Bob Schulman writes in the Huffington Post that a stroll through the colonial district of Merida takes you back to the 18th century, when the surrounding henequen plantations made this city one of the richest spots on Earth. You half expect to see henequen barons in silk shirts, velvet breeches and knee-high leather boots strutting off to oversee the production of rope and twine from the plants’ sword-shaped leaves. You can imagine ladies in hooped skirts and white petticoats heading to afternoon teas. Silver-plated carriages, it’s said, once lined Merida’s cobbled lanes like Rolls-Royces along Beverly Hills’ Rodeo Drive.
Your walk through the historic district takes you past the overseers’ swanky mansions – at one time reportedly the homes of more millionaires than anyplace else in the country – government palaces, block-long museums, a classic grand cathedral and other landmarks in the city’s rich mix of Maya and Spanish cultures.
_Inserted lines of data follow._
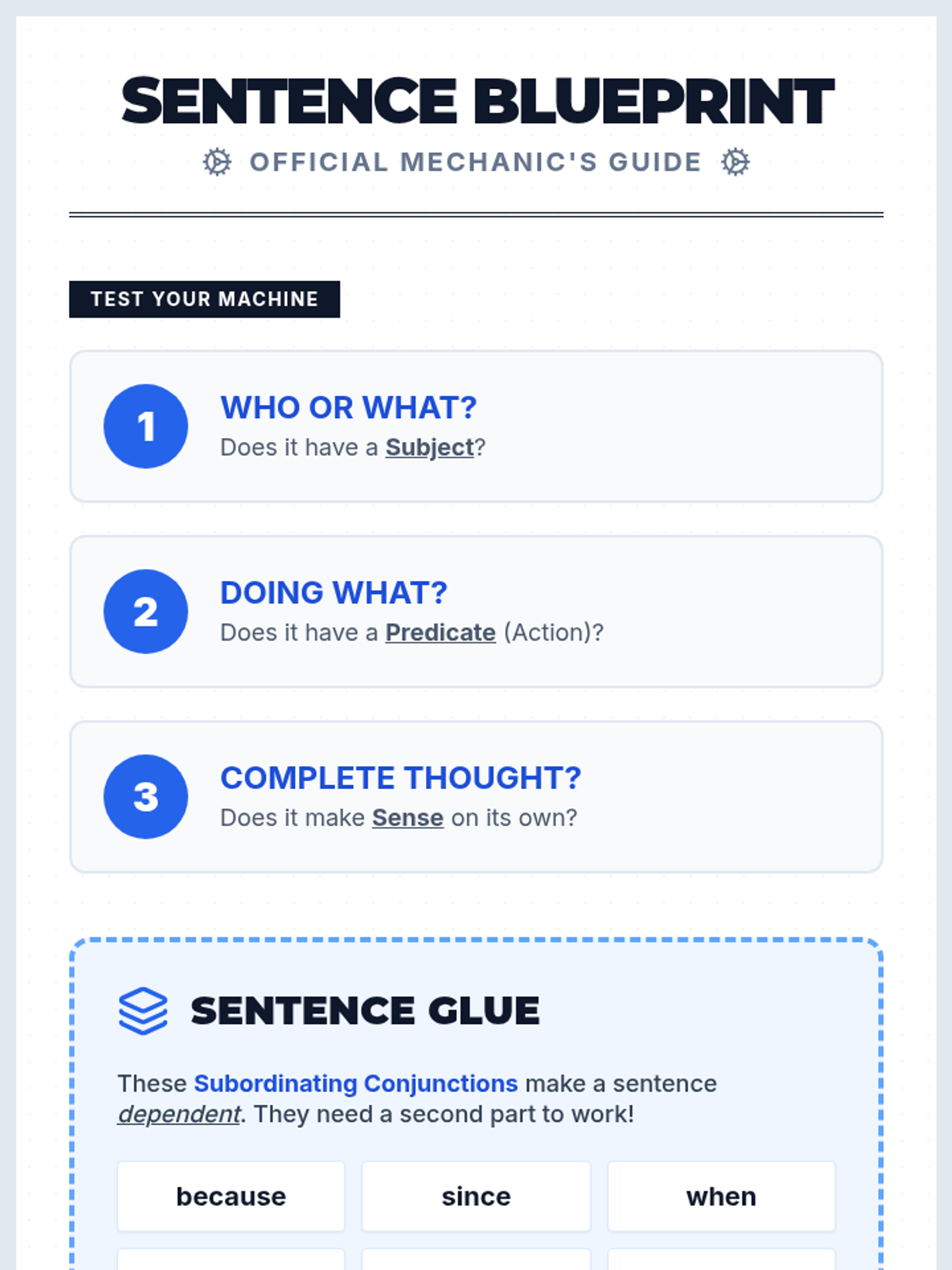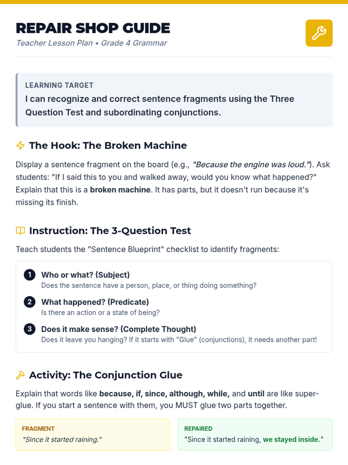 A comprehensive lesson focused on identifying and correcting sentence fragments using the 'Three Question Test' and subordinating conjunctions. Students act as 'Sentence Mechanics' to repair incomplete thoughts.
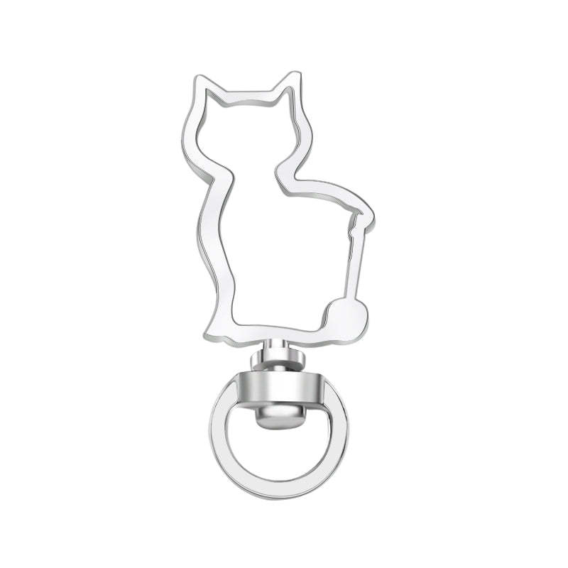 Portachiavi a moschettone girevole a forma di gatto Portachiavi in metallo con moschettone a molla Argento
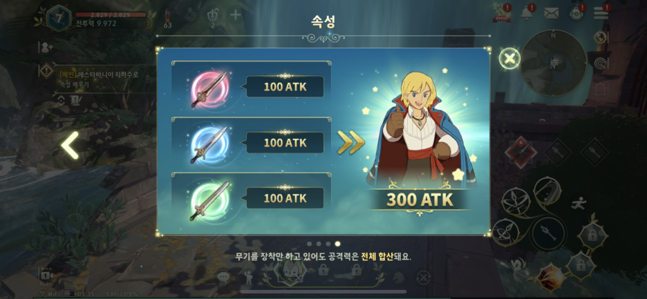 속성이 다른 무기를 껴도, 무기별 기본 공격력은 모두 적용되는데, 속성은 선택된 무기만 적용된다.

Spanish conquistadores showed up in 1542, ran the local Maya off, ripped the city down (the Maya called it T’ho, meaning City of the Five Hills) and built a new one for themselves on the spot. The bearded foreigners called it Merida after a city of the same name in Spain.
After a while the Maya started to drift back, at first to work in the fields, ranches and kitchens of the sprawling haciendas of their new Spanish landlords. In the mid-1800s, thousands more came out of the jungle to take jobs on henequen fields planted by the invaders. When the debut of synthetic fibers took the wind out of the henequen market in the early 1900s, many of the workers moved into town.
Today, it’s estimated that well over half of Merida’s million or so residents speak both Maya and Spanish, a good number with Maya as their primary language.